Translational Research in Respiratory Medicine, University Hospital Arnau de Vilanova and Santa Maria, IRBLleida, Lleida, Spain.
CIBER of Respiratory Diseases (CIBERES), Institute of Health Carlos III, Madrid, Spain.
Front Immunol. 2022 Jul 29;13:942443. doi: 10.3389/fimmu.2022.942443. eCollection 2022.
Bronchial aspirates (BAS) obtained during invasive mechanical ventilation (IMV) constitutes a useful tool for molecular phenotyping and decision making.
To identify the proteomic determinants associated with disease pathogenesis, all-cause mortality and respiratory sequelae in BAS samples from critically ill patients with SARS-CoV-2-induced ARDS.
Multicenter study including 74 critically ill patients with COVID-19 and non-COVID-19 ARDS. BAS were obtained by bronchoaspiration after IMV initiation. Three hundred sixty-four proteins were quantified using proximity extension assay (PEA) technology. Random forest models were used to assess predictor importance.

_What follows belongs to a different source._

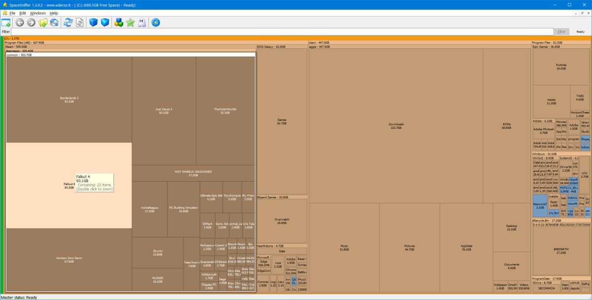 PC 저장 공간 관리는 까다로운 작업이다. 윈도우에서 드라이브에 남은 공간을 알 수 있지만, 100만 개의 세부 디렉토리에 들어가 내용을 확인하고 삭제를 결정하는 것은 사용자 본인이다. 우더조 소프트웨어의 스페이스스니퍼는 전체 드라이브를 스캔해 파일과 폴더를 시각적 그리드로 표시한다.

After adjusting for confounding factors, CST5, NADK, SRPK2 and TGF-α were differentially detected in COVID-19 and non-COVID-19 patients. In random forest models for COVID-19, CST5, DPP7, NADK, KYAT1 and TYMP showed the highest variable importance. In COVID-19 patients, reduced levels of ENTPD2 and PTN were observed in nonsurvivors of ICU stay, even after adjustment. AGR2, NQO2, IL-1α, OSM and TRAIL showed the strongest associations with in-ICU mortality and were used to construct a protein-based prediction model. Kaplan-Meier curves revealed a clear separation in mortality risk between subgroups of PTN, ENTPD2 and the prediction model. Cox regression models supported these findings. In survivors, the levels of FCRL1, NTF4 and THOP1 in BAS samples obtained during the ICU stay correlated with lung function (i.e., D levels) 3 months after hospital discharge. Similarly, Flt3L and THOP1 levels were correlated with radiological features (i.e., TSS). These proteins are expressed in immune and nonimmune lung cells. Poor host response to viral infectivity and an inappropriate reparative mechanism seem to be linked with the pathogenesis of the disease and fatal outcomes, respectively.
BAS proteomics identified novel factors associated with the pathology of SARS-CoV-2-induced ARDS and its adverse outcomes. BAS-based protein testing emerges as a novel tool for risk assessment in the ICU.
在有创机械通气(IMV)期间获得的支气管吸出物(BAS)是用于分子表型和决策制定的有用工具。
确定与 SARS-CoV-2 引起的 ARDS 患者危重患者的 BAS 样本中的疾病发病机制、全因死亡率和呼吸后遗症相关的蛋白质组学决定因素。
包括 74 例 COVID-19 和非 COVID-19 ARDS 危重患者的多中心研究。在开始 IMV 后通过支气管抽吸获得 BAS。使用邻近延伸测定(PEA)技术定量 364 种蛋白质。使用随机森林模型评估预测因子的重要性。
在调整混杂因素后,COVID-19 和非 COVID-19 患者中检测到 CST5、NADK、SRPK2 和 TGF-α 的差异。在 COVID-19 的随机森林模型中,CST5、DPP7、NADK、KYAT1 和 TYMP 显示出最高的变量重要性。在 COVID-19 患者中,即使在调整后,ICU 住院期间非幸存者的 ENTPD2 和 PTN 水平也较低。AGR2、NQO2、IL-1α、OSM 和 TRAIL 与 ICU 死亡率的相关性最强,并用于构建基于蛋白质的预测模型。Kaplan-Meier 曲线显示了 PTN、ENTPD2 和预测模型亚组之间死亡率风险的明显分离。Cox 回归模型支持这些发现。在幸存者中,ICU 住院期间 BAS 样本中 FCRL1、NTF4 和 THOP1 的水平与 3 个月后出院时的肺功能(即 D 水平)相关。同样,Flt3L 和 THOP1 水平与放射学特征(即 TSS)相关。这些蛋白质在免疫和非免疫肺细胞中表达。宿主对病毒感染性的反应不佳和不适当的修复机制似乎分别与疾病的发病机制和致命结局相关。
BAS 蛋白质组学鉴定了与 SARS-CoV-2 引起的 ARDS 及其不良结局相关的新型因素。基于 BAS 的蛋白质检测成为 ICU 风险评估的新工具。